The Land policy is bed ridden in many east African states less Tanzania where land ownership is distorted but not so much like its neighbors as to afford whole societies going overboard. Uganda is witnessing what we should call a policy many opponents think is a guise by Government to legally grab land ordinary people’s land.
The people are not taking it sitting down and there is an aggressive campaign to reverse the trend; many men in uniform are using their untouchable status to unscrupulously purchase land and throwing off owners and squatters alike though they have dwelt there for generations. There is this investor syndrome where Government officials are handing out properties meant for schools and others privately owned to would be investors.
They only turn out to be some powerful officials behind the investment drive and their much hyped investments are mostly hot air.
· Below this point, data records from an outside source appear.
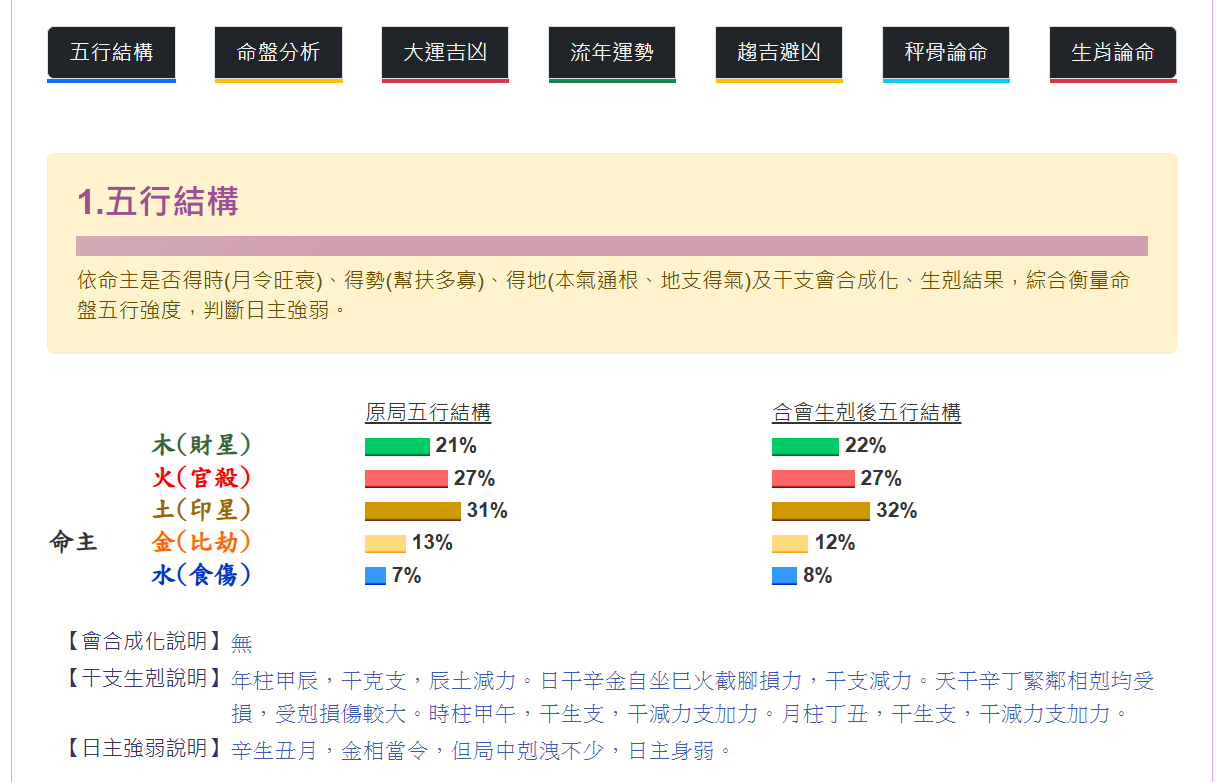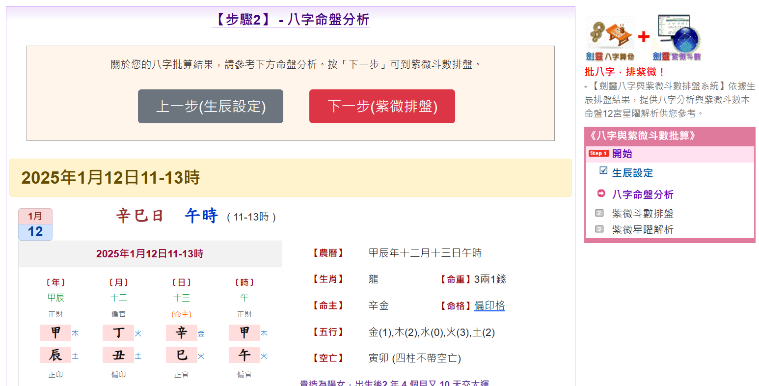 提供八字排盘、五行、格局、用神喜忌、命盘吉凶、运程等分析。在此步骤,系统会分析您的八字,并列出命盘相关资料供您参考。3.1 单人八字分析
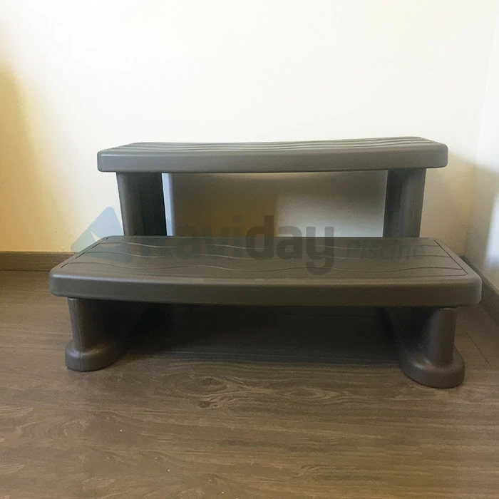 Raviday vous propose le marche-pied développé par Cover Valet, spécialiste en équipement pour spa. Ce marche-pied s’adapte à tout type et toute forme de spa. Que vous ayez un spa gonflable ou rigide, qu’il soit rond ou carré, le marche-pied est modulable. En effet le dessus des marches est interchangeable. Une marche est droite, l’autre est arrondie.
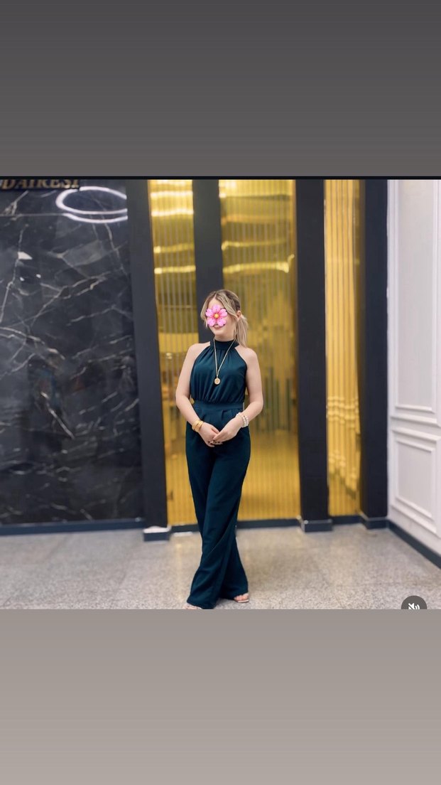Kadın Halter Yaka Uzun Tulum - Altın Tonları
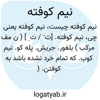 نیم کوفته. [ت َ / ت ِ ] ( ن مف مرکب ) بلغور. جریش. پله کو. نیم کوب. که تمام خرد نشده باشد به کوفتن. ( یادداشت مؤلف ).
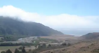 Bear River is the largest Pacific coastal drainage basin between the Mattole River and the Eel River. Bear River drains the ranch pastures and forests of California Coast Ranges south of the Bear River Ridge extending easterly from False Cape along the False Cape shear zone of the Russ Fault. The river channel through undivided Cretaceous marine formations exposes younger Neogene, namely middle or lower Pliocene, marine sedimentary and metasedimentary rocks near the mouth, but lacks the well defined offshore submarine canyons of the Eel River to the north and the Mattole River to the south.[2] Bear River reaches the Pacific after flowing westerly approximately 20 miles (32 km) from elevations above 2,000 feet (600 m) along the ridge above the Bull Creek drainage of Humboldt Redwoods State Park.[3]: map 38 Bear River provides the recreational and industrial water supply for the community of Capetown, California, and wildlife habitat including cold freshwater habitat for fish migration and spawning.[4]
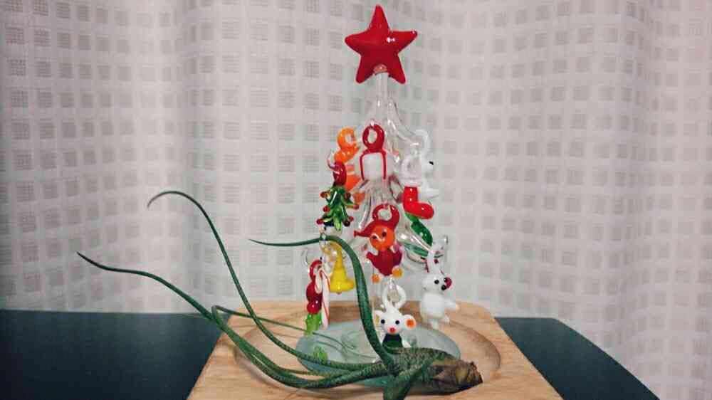 小さなクリスマスツリーの前にエアプランツを置いてみた。😄
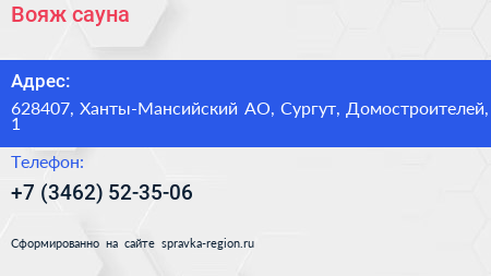 Вояж, сауна по адресу 628407, Ханты-Мансийский АО, Сургут, Домостроителей, 1 в дальнейшем Организация, размещена в следующих категориях:
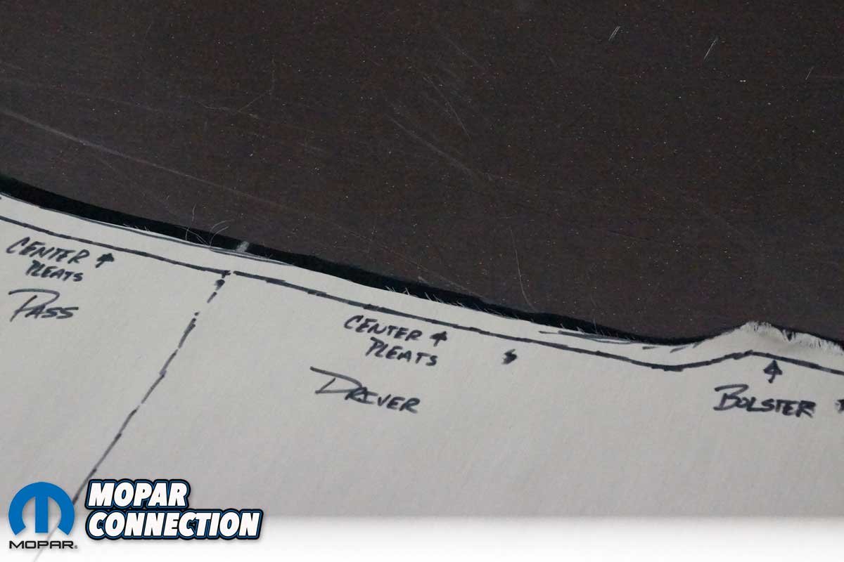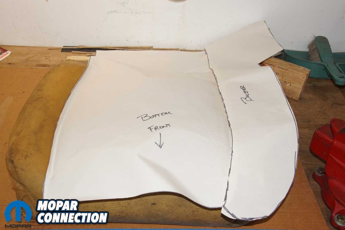 Because I did not have the original factory seat covers to dissect and use as templates, I had to make several measurements of each seat cushion and both frames to develop several patterns. From the dimensions, I made rough cut masters out of inexpensive material that I trimmed to size once they were laid on seat foam. Each master had a ½-inch seam allowance to accommodate stitching the pieces together.

Rwanda’s genocide was much due to the same land resource sharing, being the most populous nation in the region, the country after the genocide is struggling to come to terms with itself, and the new Government is steering a way forward into services sector development to avert any pressures to depend on land for many of its people especially the young generation.
Kenya is the recent eruption of the long brewing land frictions which have bedeviled much of Africa, coupled with diverse ethnicity some what with vestiges from many feudal societies littering pre colonial Africa. That period was characterized with huge chunks of land given to the royals and other people resorted to squatting a practice where that has still not changed, descendants still in same landless and landlord positions. This does not go down well with many.

Tanzanians, Rwandans, Ugandans have much to learn from the Kenya problem leading to the fallout not wholly attributed to land though, other situations like dictatorship , skewed distribution of jobs and other national interests has also helped foment the problem culminating into social strife we are witnessing
.
There is a thinking however that a pre industrial east Africa has to have most upcountry dwellers migrate to cities for their land to be taken by single big farmers who could jump start the Agricultural revolution here. Whether that can happen is for you and me to have a wait and see attitude. Many proponents like Museveni have stated it time and again if we have to jumpstart Agriculture and ultimately industrialization to be realized.